- _What you are asked to do_
Would you print the data below exactly, leaving out every picture?

- _Information provided_
☆ ☆ ☆ ☆ ☆ ☆ ☆

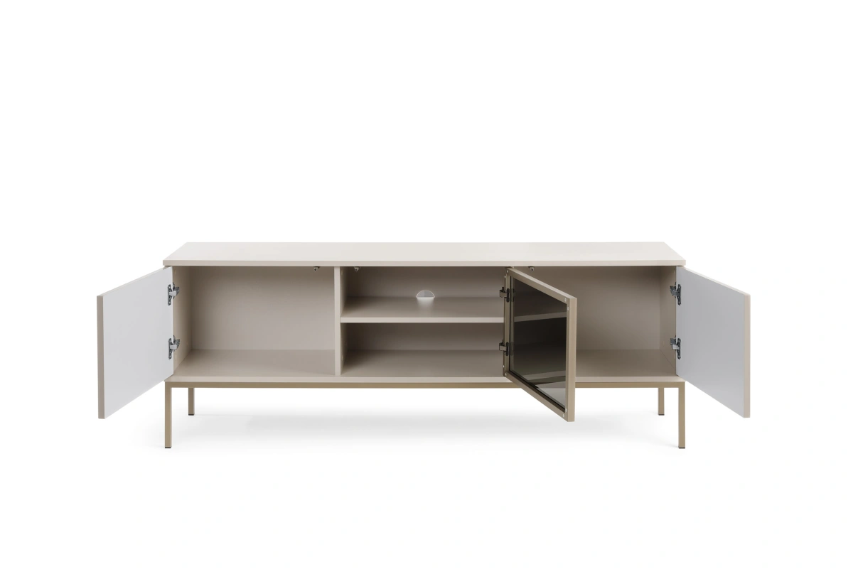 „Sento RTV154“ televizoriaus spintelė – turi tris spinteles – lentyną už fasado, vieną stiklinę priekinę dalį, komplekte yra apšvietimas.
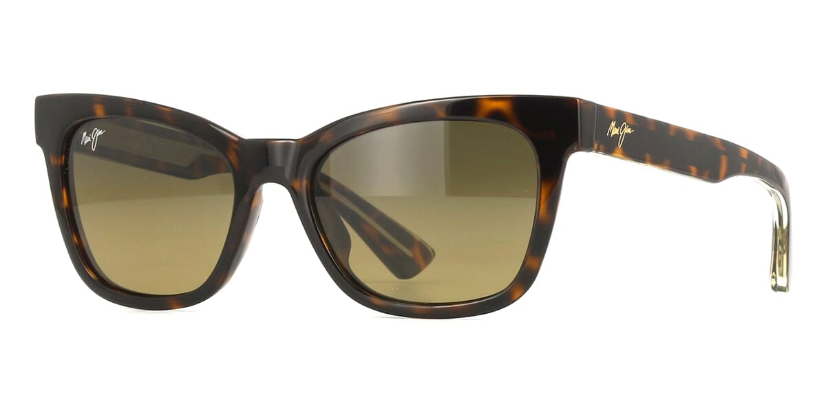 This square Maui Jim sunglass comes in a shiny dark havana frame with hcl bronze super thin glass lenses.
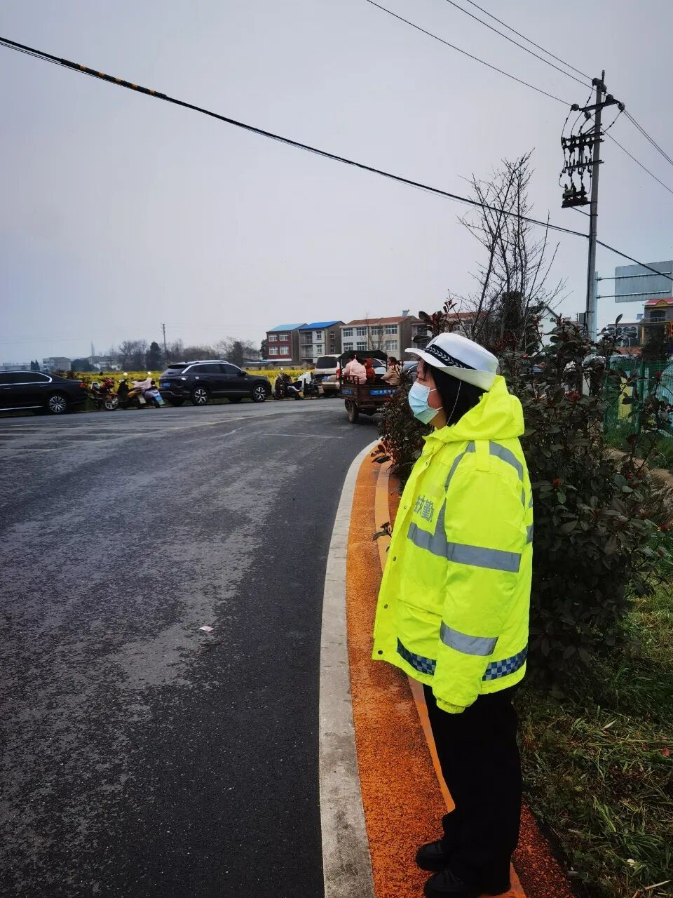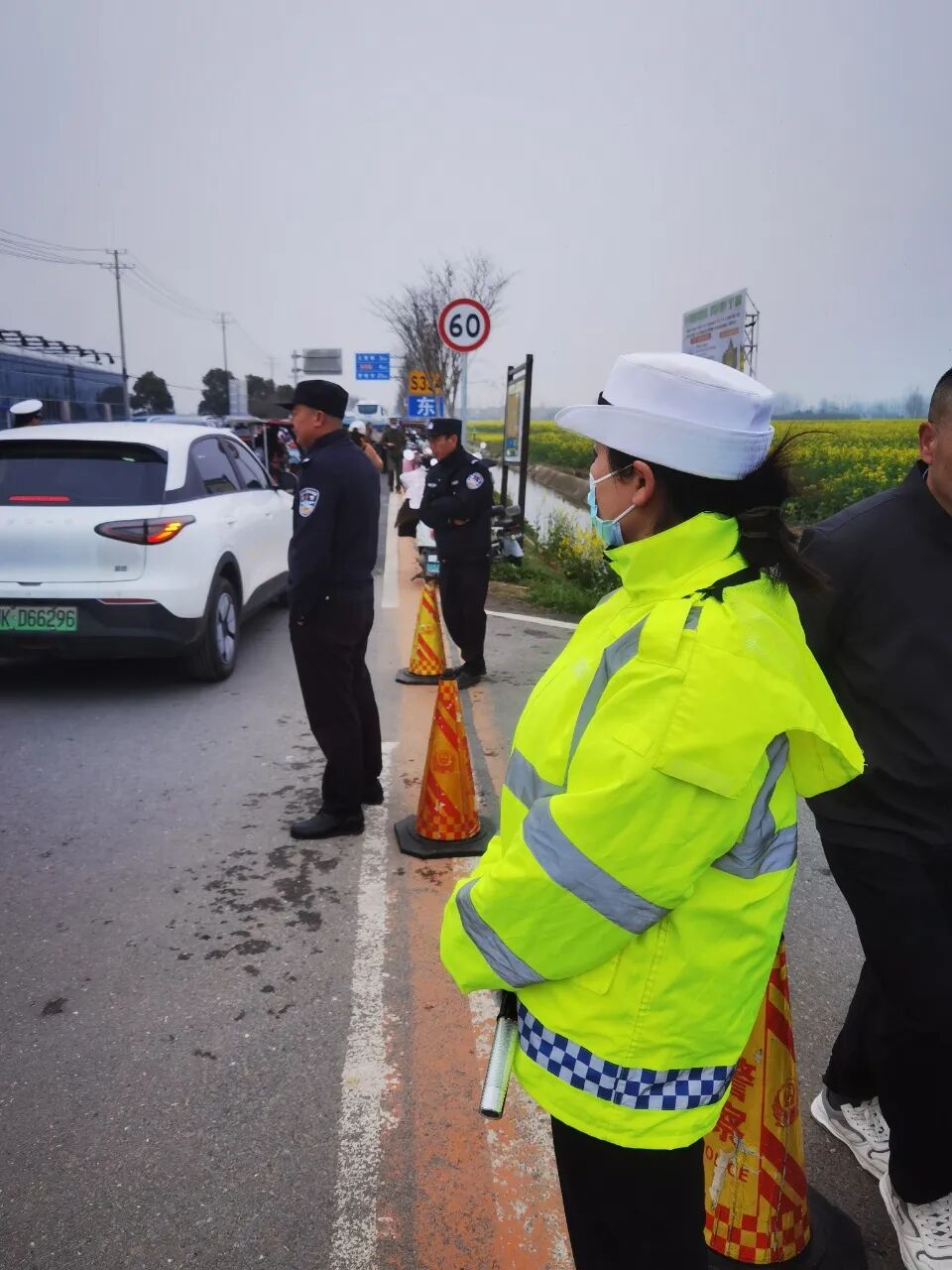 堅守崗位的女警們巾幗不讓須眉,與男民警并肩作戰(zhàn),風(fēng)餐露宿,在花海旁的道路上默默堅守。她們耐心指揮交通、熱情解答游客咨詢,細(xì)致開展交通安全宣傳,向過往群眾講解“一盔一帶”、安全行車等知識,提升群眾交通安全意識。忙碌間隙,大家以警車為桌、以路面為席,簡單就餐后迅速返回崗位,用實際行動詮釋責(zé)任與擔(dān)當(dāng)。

☆ ☆ ☆ ☆ ☆ ☆ ☆

- _Expected answer_
 „Sento RTV154“ televizoriaus spintelė – turi tris spinteles – lentyną už fasado, vieną stiklinę priekinę dalį, komplekte yra apšvietimas.
 This square Maui Jim sunglass comes in a shiny dark havana frame with hcl bronze super thin glass lenses.
 堅守崗位的女警們巾幗不讓須眉,與男民警并肩作戰(zhàn),風(fēng)餐露宿,在花海旁的道路上默默堅守。她們耐心指揮交通、熱情解答游客咨詢,細(xì)致開展交通安全宣傳,向過往群眾講解“一盔一帶”、安全行車等知識,提升群眾交通安全意識。忙碌間隙,大家以警車為桌、以路面為席,簡單就餐后迅速返回崗位,用實際行動詮釋責(zé)任與擔(dān)當(dāng)。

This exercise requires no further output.